Neurodegeneration is a common neuropathological feature of prion diseases. Although evidence of apoptosis was found in natural and experimental prion diseases, the precise mechanisms by which neurons die are poorly understood. The pro-apoptotic BAX protein, a key factor of the mitochondrial pathway, plays a central role in the regulation of neuronal apoptosis. Recently, BAX was implicated in neuronal death in a transgenic model of inherited prion disease. Nevertheless, whether neurodegeneration occurs by similar mechanisms in other prion diseases remains unknown. Here, using mice knocked out for the Bax gene, we investigated BAX implication in neuronal death induced by a prion disease of infectious origin. A mouse-adapted prion strain of bovine spongiform encephalopathy (BSE) was inoculated intracerebrally into Bax-/- mice and their wild-type littermates. We found that Bax inactivation did not alter the development of the disease. Clinical illness was not prevented. PrP(res) deposition and astrogliosis occurred to the usual extent. Neuronal integrity was not maintained, and neurons in hippocampus and thalamus were not protected. These results demonstrated that BAX is not necessary for neuron death induced by the BSE strain. They suggest the existence of multiple molecular death pathways in prion diseases.
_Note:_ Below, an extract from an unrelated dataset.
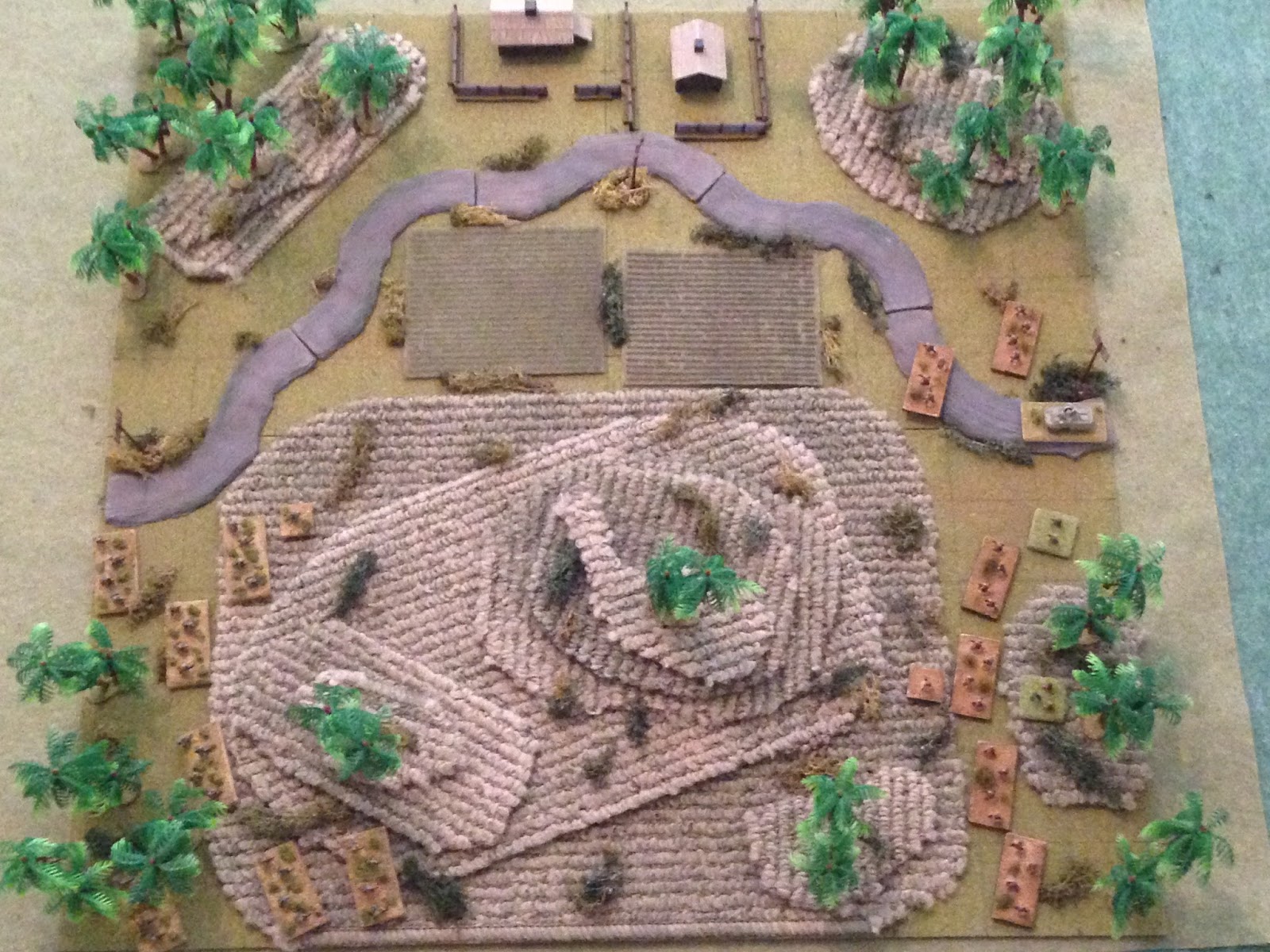Overview, north is up.  The Castro-force is expecting trouble, so is dismounted and fanned out along the right (east) side of the board.  The CLA force is hiding on the back side of Hill 67, on the left (west) side of the board.  The purpose of this is to avoid observation by enemy elements that could call in air/arty, sort of a micro-reverse slope defense.  But they're ready to spring their ambush, so, at the micro-level they shan't be sitting tight, waiting for the enemy to crest.

神经退行性变是朊病毒疾病常见的神经病理学特征。尽管在自然发生和实验性朊病毒疾病中发现了细胞凋亡的证据,但神经元死亡的确切机制仍知之甚少。促凋亡蛋白BAX是线粒体途径的关键因子,在神经元凋亡的调控中起核心作用。最近,在遗传性朊病毒疾病的转基因模型中,BAX与神经元死亡有关。然而,在其他朊病毒疾病中神经退行性变是否通过类似机制发生仍不清楚。在此,我们利用敲除Bax基因的小鼠,研究了BAX在传染性朊病毒疾病诱导的神经元死亡中的作用。将适应小鼠的牛海绵状脑病(BSE)朊病毒株脑内接种到Bax-/-小鼠及其野生型同窝小鼠体内。我们发现Bax失活并没有改变疾病的发展。临床疾病并未得到预防。PrP(res)沉积和星形胶质细胞增生的程度与往常一样。神经元完整性未得到维持,海马体和丘脑的神经元未受到保护。这些结果表明,BAX对于BSE毒株诱导的神经元死亡并非必需。它们提示朊病毒疾病中存在多种分子死亡途径。